Sunday, August 19, 2012

Competition in dancing

A friend of mine got upset after a recent dancing competition in which he or she failed to finish in the top three. (Lower placings are not announced on the night.)

I left this comment on his or her blog, which was well received, and as I find the topic interesting I reproduce it here along with an except of the original post.


Original post (excerpted):
When you're being judged, regardless of result, its really hard, excruciatingly hard not to take things personally. So, ultimately in a creative space, being judged is large a contradiction. How do you NOT take things personally? I'm guessing that you need to have enough self resolve, enough worthy self esteem and enough perspective that conditions and subjectivity explains the judgement.

If I don't have a goal, then I'm just messing around. And in this creative field, there certainly is space for faffing about. But my goal was to achieve. To be validated. Which is unfortunate because the nature of competition is to be validated by others. I certainly feel like I got the skills, but do others? Do my peers think the same? They can SAY I got the skills but in my book, it needs to translate. You are good and here is the evidence. Without my goals, I am merely faffing. I don't wanna faff. I wanna succeed. And if I faff about then in an amazingly absolute statement, I don't wanna be a part of it.
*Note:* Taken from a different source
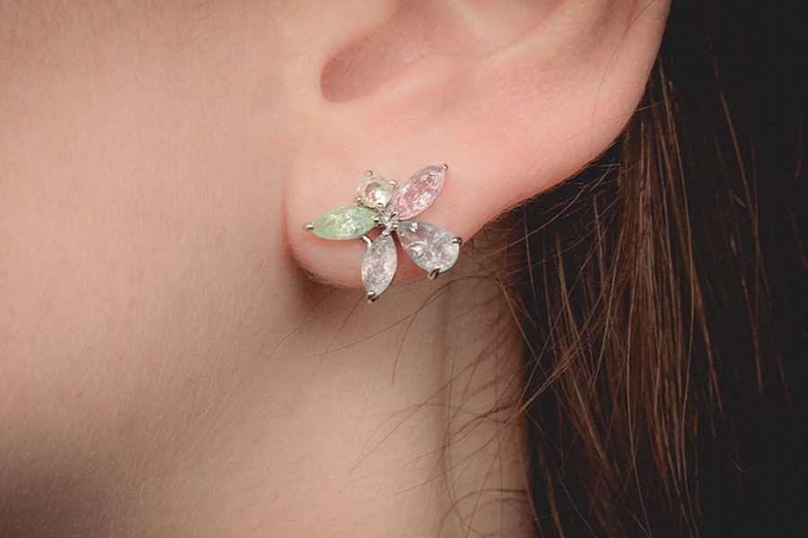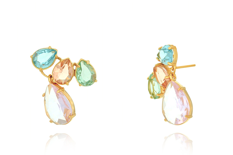 BRINCO BANHADO EM OURO, CRISTAL GOTA 17X11mm E 11X9mm, COLEÇÃO PINK

There seems to be too much out of my control. There are those who have so much natural talent, effort and time to continue to win and get the box ticked in their favour. Its an equation of variables. Sometimes, you don't have what it takes to win.

So: you competed, and expected validation in the form of a placing; it was not forthcoming. You feel rejected. But what have you failed at?

You have failed at only one thing: convincing the judges that you were one of the three leads who best demonstrated mastery of the criteria by which the event you danced in was assessed.

Succeeding at this task would not have made you "good at dancing". While it is true that it's practically impossible to win a dance event and not be "good at dancing" – which is why it works so well as a validator – it's eminently possible to be "good at (almost all) dancing" and suck at competing. So while I recognise the attraction of competition, I think you should be clear about what role it plays in your dancing.

Most people's goal in dancing is, I posit, to be as good as they can be – or, at least, to be good enough to do X. (X = have fun, dance at 200 bpm, do an aerial, whatever.) Most people don't enter dancing with the goal of being better than anyone else. However, trying to be better than someone else is one of the best ways of improving yourself – that's the point of competition in the swing dancing scene. The goal is not simply to be the best: it is to have become the best by improving. And good on competition for doing that.

I have a competitive personality. Board games, foot-races, mental puzzles, sport – subconsciously, I will want to win, even if I don't enter them with that purpose; and to win, I need to beat other people. For mainly that reason, I don't compete as a swing dancer: my goals as dancer are to be good enough to do X, and I don't want my satisfaction with my dancing to become something that relies on me beating other people. Even if that means I don't improve as quickly as others.

Do I want to be "good at dancing"? Absofuckinglutely. Does it feel awesome to be recognised as such in front of a crowd? Hell yeah. Are competitions the only form of validation? Fuck no. Do people come up to you and complement you on your dancing? Do follows seek you out for dances? Repeatedly? Do people watch you dance; hoot and/or cheer? More importantly, do you feel as though you can express yourself musically through the form of dance? Do you get those moments of 'flow'? Isn't that why you dance?

TL;DR
Competitions are great for making you better dancer, but to win you need to be better than other people. If your goal is to be a better dancer, but you can't handle being worse than other people (even if you're better than you used to be), reconsider competing and/or your attitude.